The biggest hurdle for GPU Databases has been figuring out how to achieve parallel processing and that is extremely challenging when it comes to JOIN operations. JOINs, establish a relationship between two tables of data and are critical to meaningful analytics.

Traditional approaches for running JOINs were designed years ago for single-core CPUs and are not well suited for the hundreds of thousands of cores in a GPU system. Figuring out how to effectively parallelize JOINs has been the holy grail of GPU database development in the last several years.

To understand the challenge and the solution, please realize that the nature of GPUs is not to have each core independent of the other cores. In fact, cores are grouped in chunks, typically in the order of 64 at a time, with each chunk running the same instructions.

Brytlyt’s Unique Approach to JOINS

Brytlyt approached the parallelism challenge by devising a patent pending method that recursively separates rows containing a hit from rows that do not. It breaks up the first data set into equal blocks of data then distributes them to the many cores used for searching. For example, a dataset of 400,000 rows would be broken into blocks of 200 rows on a 2000-core GPU. Each GPU core then runs its own search on its own block of data in parallel with all the other cores, giving a huge boost in performance over the traditional CPU.

Empty blocks are discarded and the process repeated with the remainder of the blocks. Then the whole process is done over and over until only the relevant blocks remain. This is an easily scalable process, and the importance of that cannot be overestimated. 10 billion rows could be distributed over 100 GPUs, keeping the same block size, and so achieve the same cycle time.

In Conclusion:

Companies looking to get the most out of their GPU database need to understand how important JOINs are and if the vendors they are considering are proficient in this area.

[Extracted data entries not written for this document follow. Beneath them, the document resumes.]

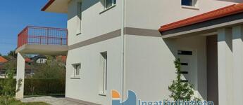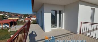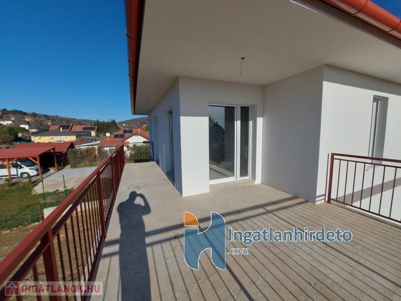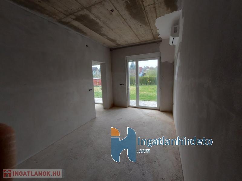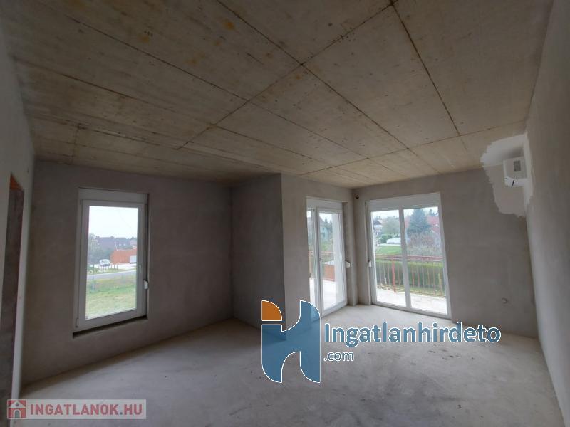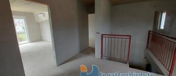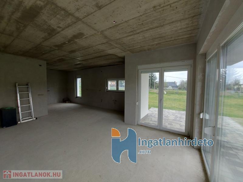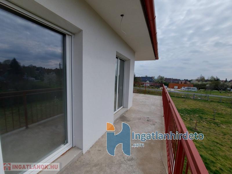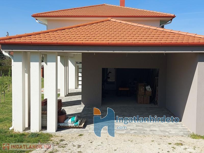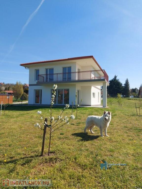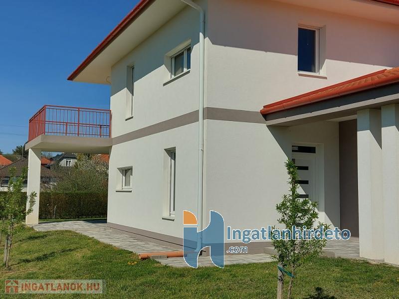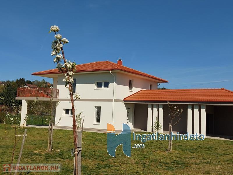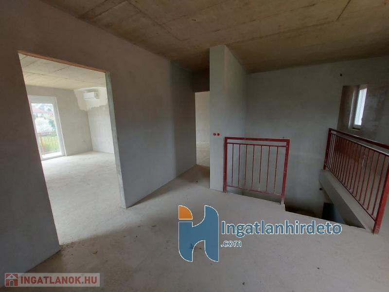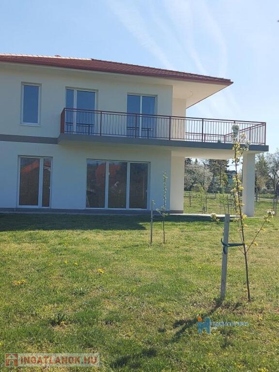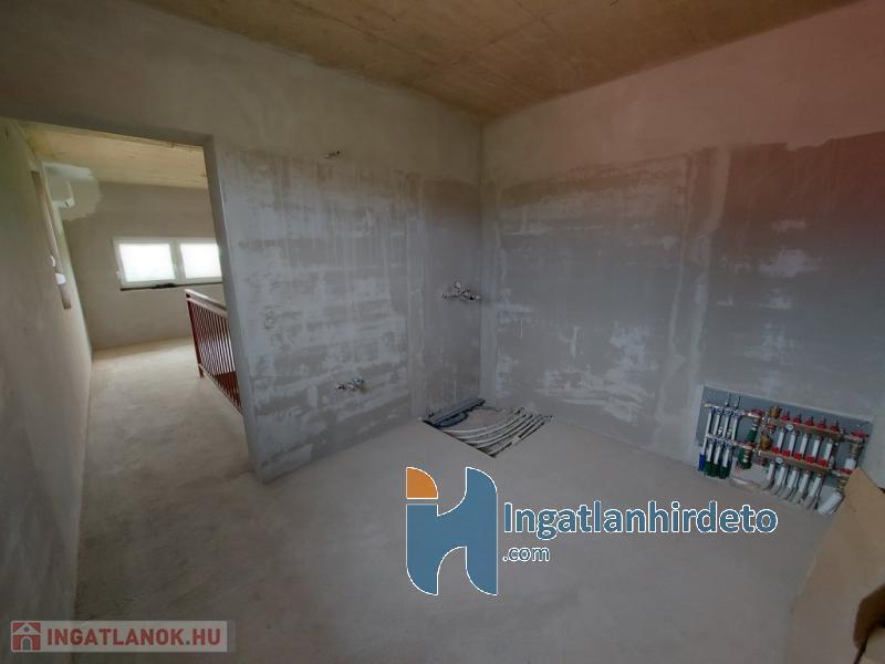 A nappaliban kandallós fűtésre is van lehetőség, akár az egész épület padlófűtésére használható módon. Földszint előszoba-nappali-konyha-étkező egy légtérben, hálószoba saját fürdővel, külön bejáratú Wc, gépészeti helyiség. Emelet tágas előtér, két nagyméretű hálószoba, nagy fürdőszoba Wc-vel. Földszinten nagy étkező-nappali kapcsolatos terasz, emeleten ugyan akkora méretű erkély került kialakításra. A földszinthez kapcsolódó garázs, és fedett kocsibeálló is készült. Az épülethez tartozó telek 1200 m2 alapterületű, ami mellett egy önálló öszközműves építési telek szintén eladó.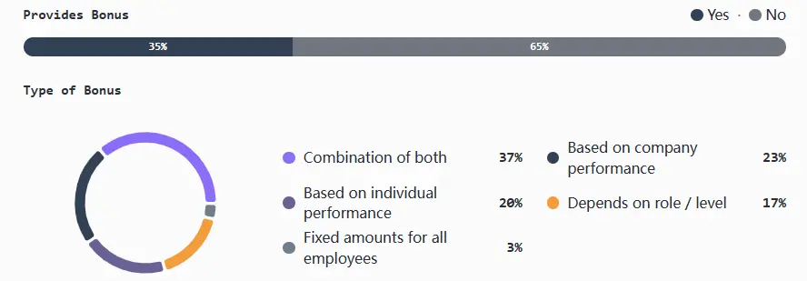 在存在奖金的情况下,奖金通常与公司和个人绩效(混合)挂钩。仅与公司挂钩、仅与个人挂钩以及基于职位/级别的模式不太常见,固定奖金也很少见。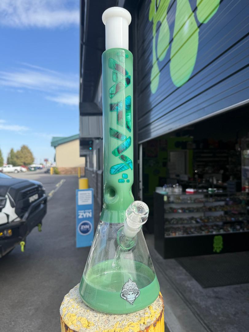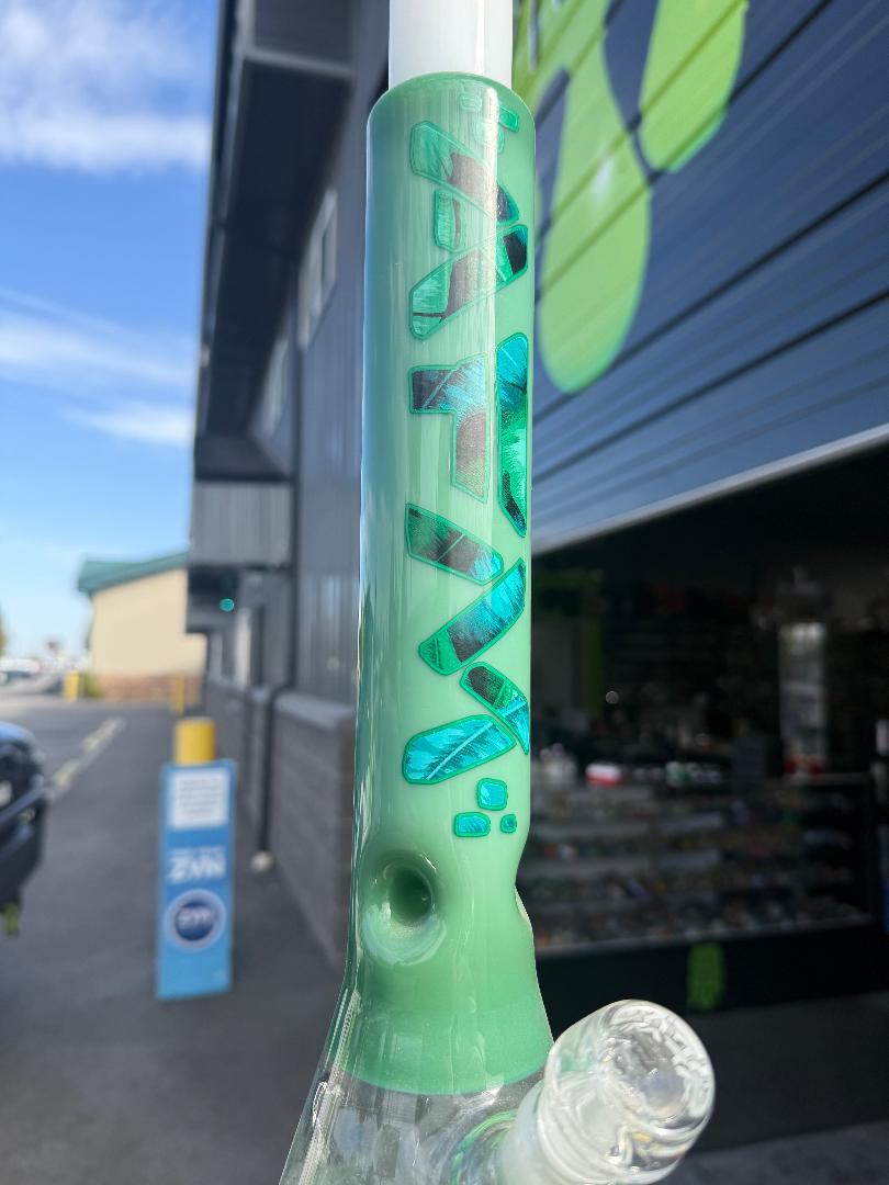 Made from durable borosilicate glass, the 18-inch beaker-style base offers enhanced stability and a larger water capacity for superior filtration and cooling. The green and white swirled design wraps beautifully around the piece, while the detailed leafy bake-on logo adds a signature touch of craftsmanship and authenticity.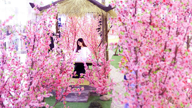 ? ? 桃花是淡雅的,同時也是妖嬈的,寓意更是美好的。商場美陳裝飾中不少節(jié)日都會運用到桃花,如春節(jié)、情人節(jié)的點綴,卻從未大面積的出現(xiàn)過。這個春節(jié)可以趁節(jié)目的大熱把握抓住與顧客互動的機會,通過打造劇情里的十里桃林來增加商場的知名度與熱度。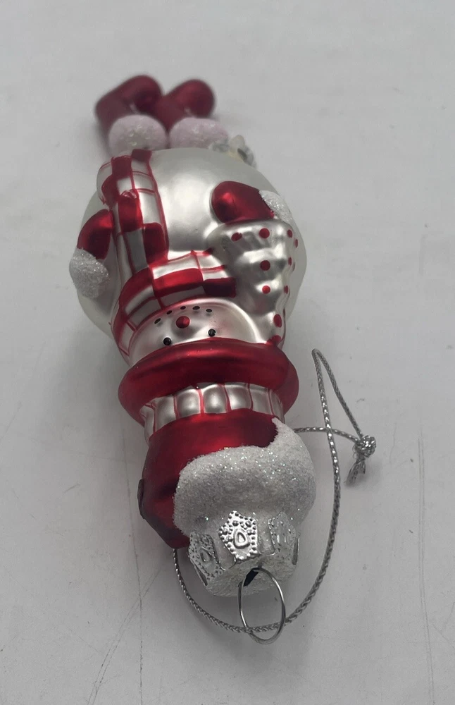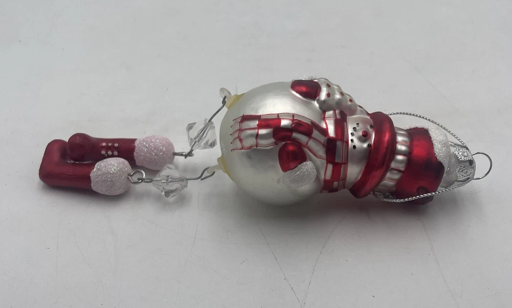 Add a festive touch to your Christmas tree with this Blow Mold Glass Snowman Ornament. Crafted with high-quality glass material, this vintage ornament features a jolly Santa and his dangling legs, perfect for adding a touch of holiday cheer to your home decor. This collectible ornament is a must-have for any ornament enthusiast and is sure to become a treasured addition to your collection. Whether you're looking to decorate your tree or add to your ornament collection, this Blow Mold Glass Snowman Ornament is the perfect choice. Out of box.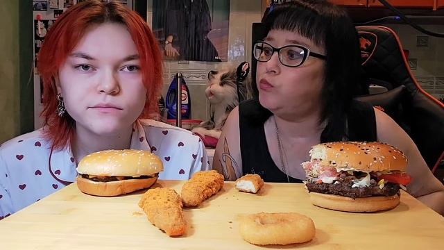 Мукбанг | BURGER KING. Ангус четыре сыра,Чизбургер,Луковые к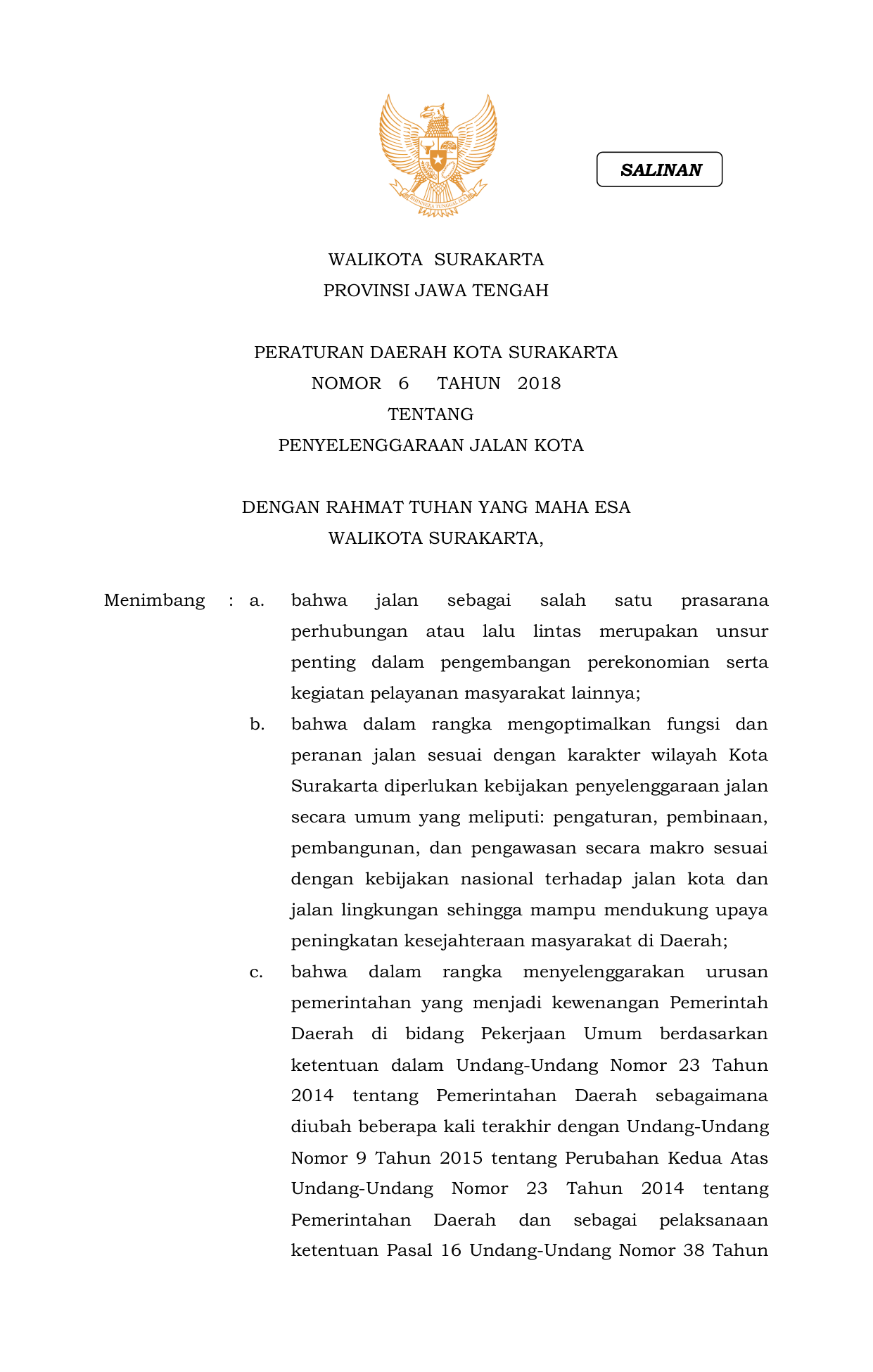 PERDA Nomor 6 Tahun 2018 | Peraturan Daerah Nomor 6 Tahun 2018 tentang PENYELENGGARAAN JALAN KOTA

An independent benchmark comparing Brytlyt with other GPU-based solutions had Brytlyt more than four times as fast as the next vendor. In fact, a billion row table was queried in only a few milliseconds, not only acing the competition by a good margin, but leaving traditional databases lagging far behind  with run times that were many hundreds of times slower.

This benchmark indicates the huge value of the Brytlyt solution. Millisecond queries change the way a user sees responsiveness; they’re well below the “threshold of irritation” where the response latency exceeds user comfort level (typically 2 to 5 seconds). Applying this to mobile marketing, for example, might mean the difference between a sale or a turnoff.

Brytlyt has a very scalable solution, capable of running JOINs on much larger data sets than the competition. It is PostgreSQL-based which means it is very easy to use and is feature rich. And it runs on GPU instances in the cloud so running a trial or setting up Brytlyt for your company is fast and easy!